**Exercise requirements**
An exact repetition of the data is required; no picture should appear in it.

**Dataset excerpt**
——————————
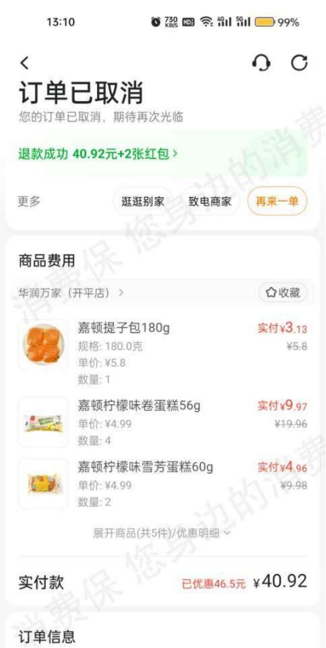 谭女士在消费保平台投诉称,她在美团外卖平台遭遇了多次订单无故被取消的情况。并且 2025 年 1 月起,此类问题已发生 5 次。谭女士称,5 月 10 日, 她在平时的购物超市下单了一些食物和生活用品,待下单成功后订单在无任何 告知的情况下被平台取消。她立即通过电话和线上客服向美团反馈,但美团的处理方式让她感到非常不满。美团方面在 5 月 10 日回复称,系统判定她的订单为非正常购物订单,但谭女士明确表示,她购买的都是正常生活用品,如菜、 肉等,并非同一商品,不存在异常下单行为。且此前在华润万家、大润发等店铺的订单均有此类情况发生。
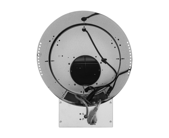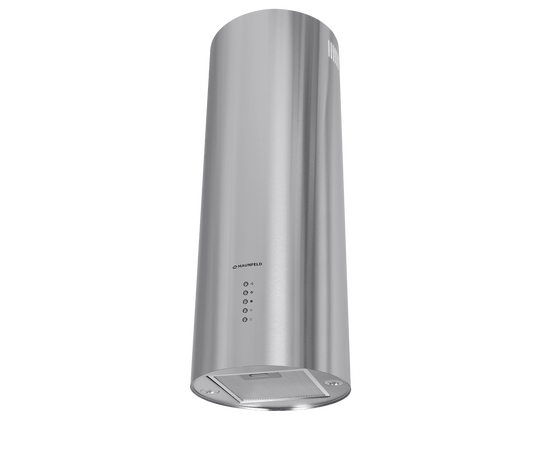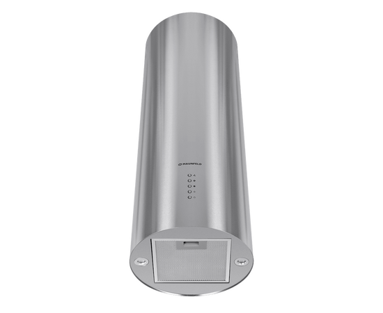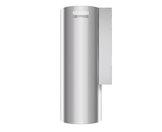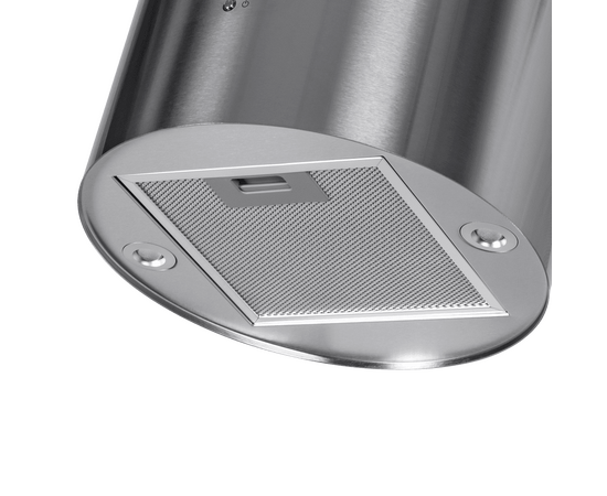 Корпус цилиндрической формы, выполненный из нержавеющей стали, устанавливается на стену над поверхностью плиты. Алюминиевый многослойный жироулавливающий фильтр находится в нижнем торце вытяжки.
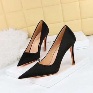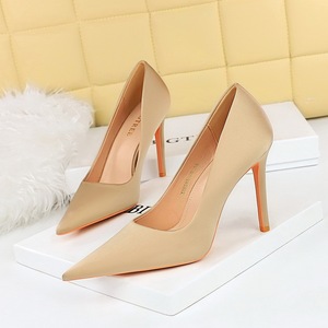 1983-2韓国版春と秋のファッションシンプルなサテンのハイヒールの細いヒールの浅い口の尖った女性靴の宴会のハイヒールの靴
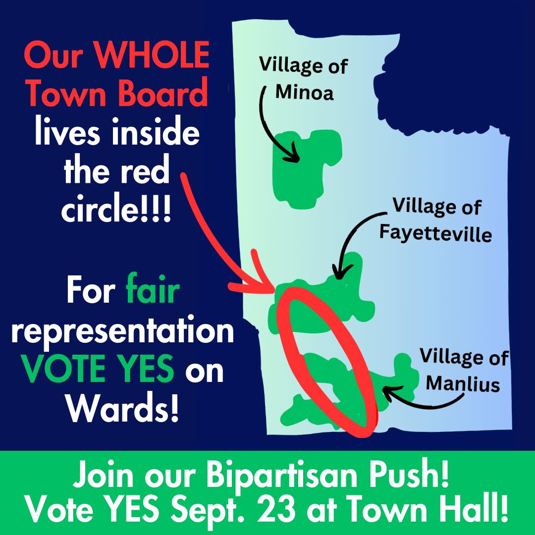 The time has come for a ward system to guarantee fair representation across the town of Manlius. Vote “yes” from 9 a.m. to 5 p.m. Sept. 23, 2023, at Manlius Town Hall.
——————————
**Exercise result**
 谭女士在消费保平台投诉称,她在美团外卖平台遭遇了多次订单无故被取消的情况。并且 2025 年 1 月起,此类问题已发生 5 次。谭女士称,5 月 10 日, 她在平时的购物超市下单了一些食物和生活用品,待下单成功后订单在无任何 告知的情况下被平台取消。她立即通过电话和线上客服向美团反馈,但美团的处理方式让她感到非常不满。美团方面在 5 月 10 日回复称,系统判定她的订单为非正常购物订单,但谭女士明确表示,她购买的都是正常生活用品,如菜、 肉等,并非同一商品,不存在异常下单行为。且此前在华润万家、大润发等店铺的订单均有此类情况发生。
 Корпус цилиндрической формы, выполненный из нержавеющей стали, устанавливается на стену над поверхностью плиты. Алюминиевый многослойный жироулавливающий фильтр находится в нижнем торце вытяжки.
 1983-2韓国版春と秋のファッションシンプルなサテンのハイヒールの細いヒールの浅い口の尖った女性靴の宴会のハイヒールの靴
 The time has come for a ward system to guarantee fair representation across the town of Manlius. Vote “yes” from 9 a.m. to 5 p.m. Sept. 23, 2023, at Manlius Town Hall.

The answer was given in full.